*Aim of the exercise:* Every record should be written out exactly, with the pictures left out.

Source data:
───
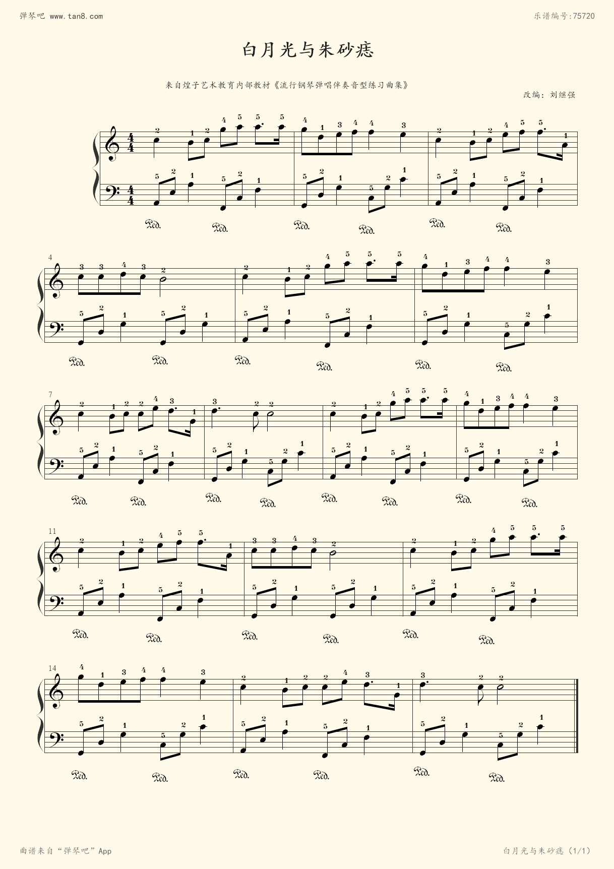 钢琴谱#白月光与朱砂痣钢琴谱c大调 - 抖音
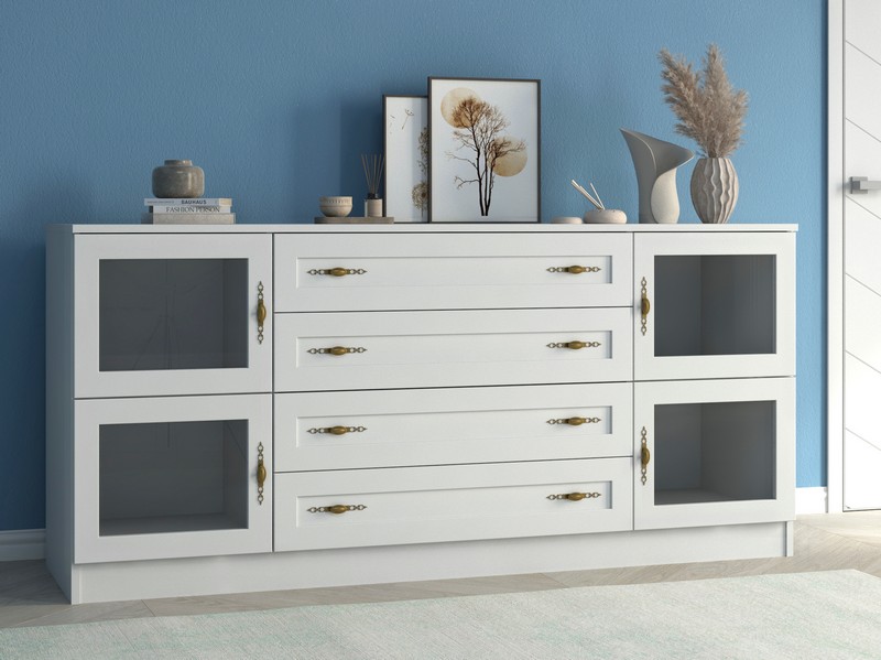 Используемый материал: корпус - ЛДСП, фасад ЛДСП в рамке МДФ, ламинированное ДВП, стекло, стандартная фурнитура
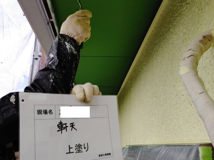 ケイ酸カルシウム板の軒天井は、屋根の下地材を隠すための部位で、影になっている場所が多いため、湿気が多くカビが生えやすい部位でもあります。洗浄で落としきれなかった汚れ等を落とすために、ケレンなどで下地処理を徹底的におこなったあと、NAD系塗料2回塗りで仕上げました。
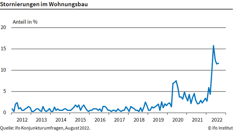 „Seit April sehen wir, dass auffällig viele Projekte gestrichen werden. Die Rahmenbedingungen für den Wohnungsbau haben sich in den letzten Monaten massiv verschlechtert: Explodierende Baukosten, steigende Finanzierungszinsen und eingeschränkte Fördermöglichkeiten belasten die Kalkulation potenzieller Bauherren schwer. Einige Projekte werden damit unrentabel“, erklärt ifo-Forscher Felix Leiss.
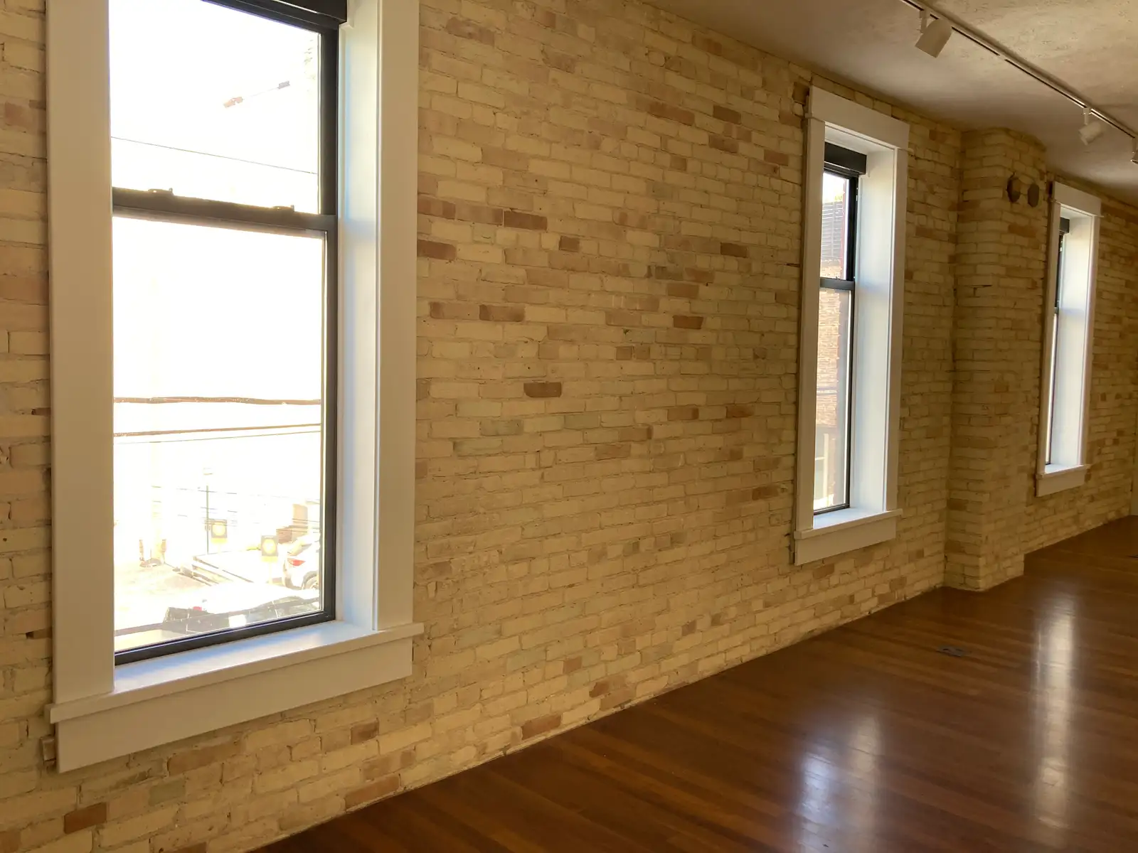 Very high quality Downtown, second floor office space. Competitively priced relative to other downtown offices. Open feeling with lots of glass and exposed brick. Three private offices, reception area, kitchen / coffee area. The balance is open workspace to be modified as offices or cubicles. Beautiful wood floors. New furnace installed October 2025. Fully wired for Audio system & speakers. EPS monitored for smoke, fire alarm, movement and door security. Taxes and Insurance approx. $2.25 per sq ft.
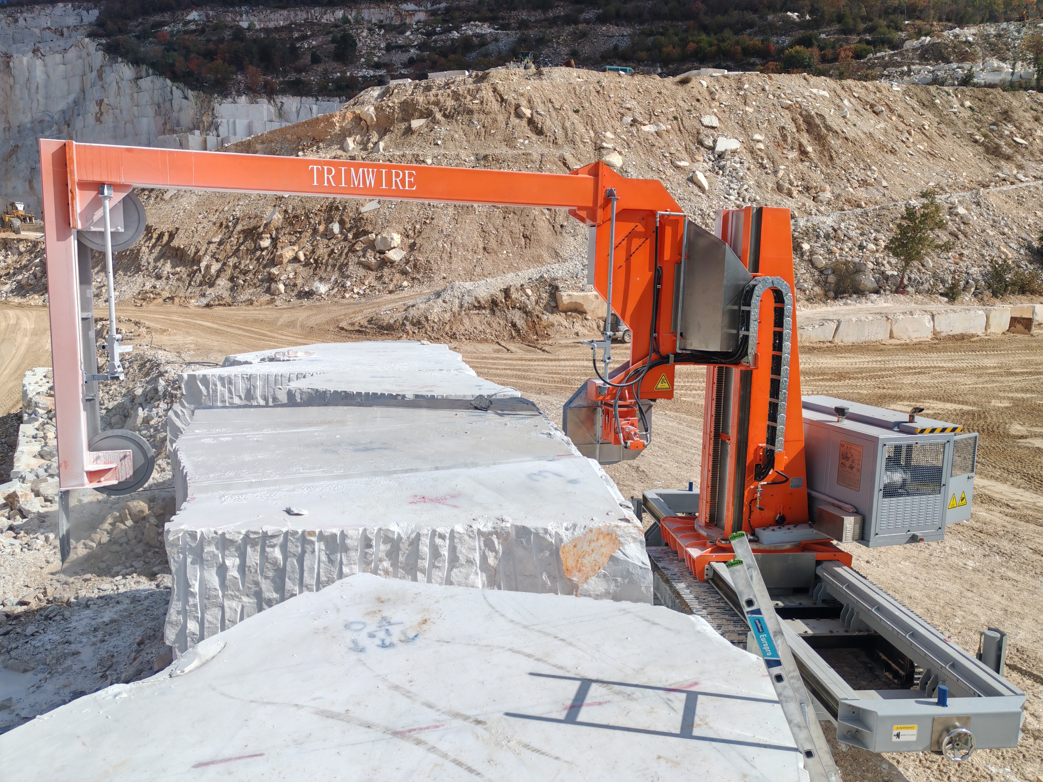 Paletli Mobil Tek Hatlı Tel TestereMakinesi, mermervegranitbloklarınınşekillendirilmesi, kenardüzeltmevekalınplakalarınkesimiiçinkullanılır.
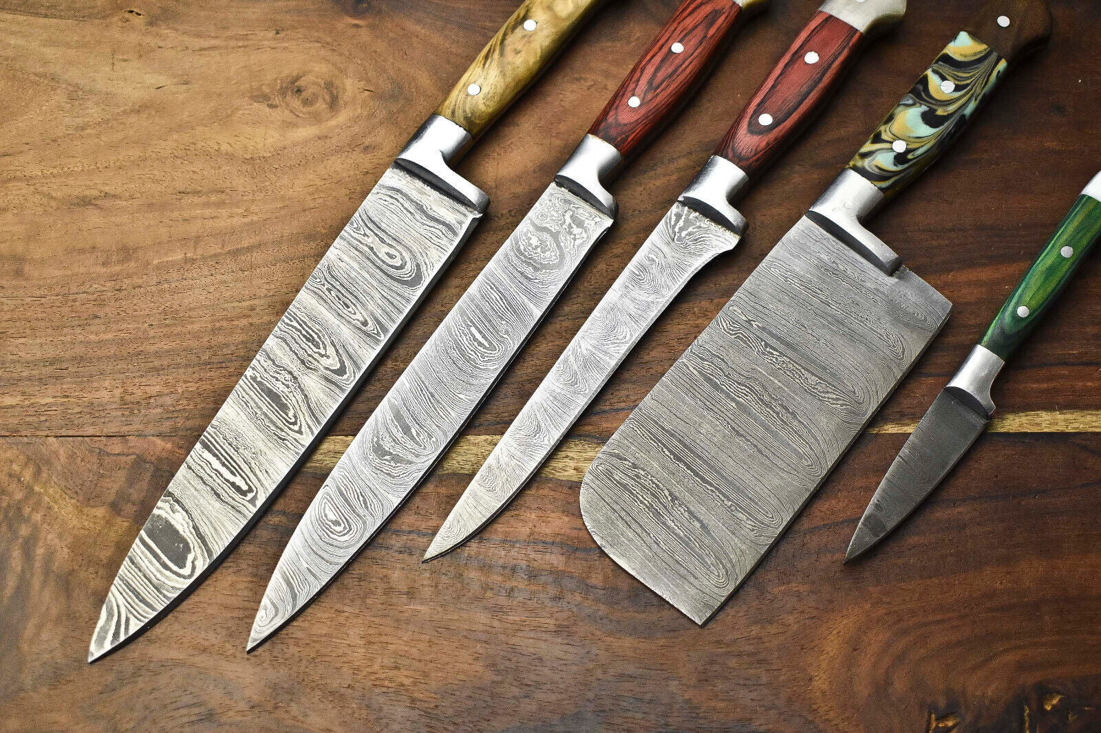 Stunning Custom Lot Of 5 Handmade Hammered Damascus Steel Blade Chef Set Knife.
───
*Completed exercise:*
 钢琴谱#白月光与朱砂痣钢琴谱c大调 - 抖音
 Используемый материал: корпус - ЛДСП, фасад ЛДСП в рамке МДФ, ламинированное ДВП, стекло, стандартная фурнитура
 ケイ酸カルシウム板の軒天井は、屋根の下地材を隠すための部位で、影になっている場所が多いため、湿気が多くカビが生えやすい部位でもあります。洗浄で落としきれなかった汚れ等を落とすために、ケレンなどで下地処理を徹底的におこなったあと、NAD系塗料2回塗りで仕上げました。
 „Seit April sehen wir, dass auffällig viele Projekte gestrichen werden. Die Rahmenbedingungen für den Wohnungsbau haben sich in den letzten Monaten massiv verschlechtert: Explodierende Baukosten, steigende Finanzierungszinsen und eingeschränkte Fördermöglichkeiten belasten die Kalkulation potenzieller Bauherren schwer. Einige Projekte werden damit unrentabel“, erklärt ifo-Forscher Felix Leiss.
 Very high quality Downtown, second floor office space. Competitively priced relative to other downtown offices. Open feeling with lots of glass and exposed brick. Three private offices, reception area, kitchen / coffee area. The balance is open workspace to be modified as offices or cubicles. Beautiful wood floors. New furnace installed October 2025. Fully wired for Audio system & speakers. EPS monitored for smoke, fire alarm, movement and door security. Taxes and Insurance approx. $2.25 per sq ft.
 Paletli Mobil Tek Hatlı Tel TestereMakinesi, mermervegranitbloklarınınşekillendirilmesi, kenardüzeltmevekalınplakalarınkesimiiçinkullanılır.
 Stunning Custom Lot Of 5 Handmade Hammered Damascus Steel Blade Chef Set Knife.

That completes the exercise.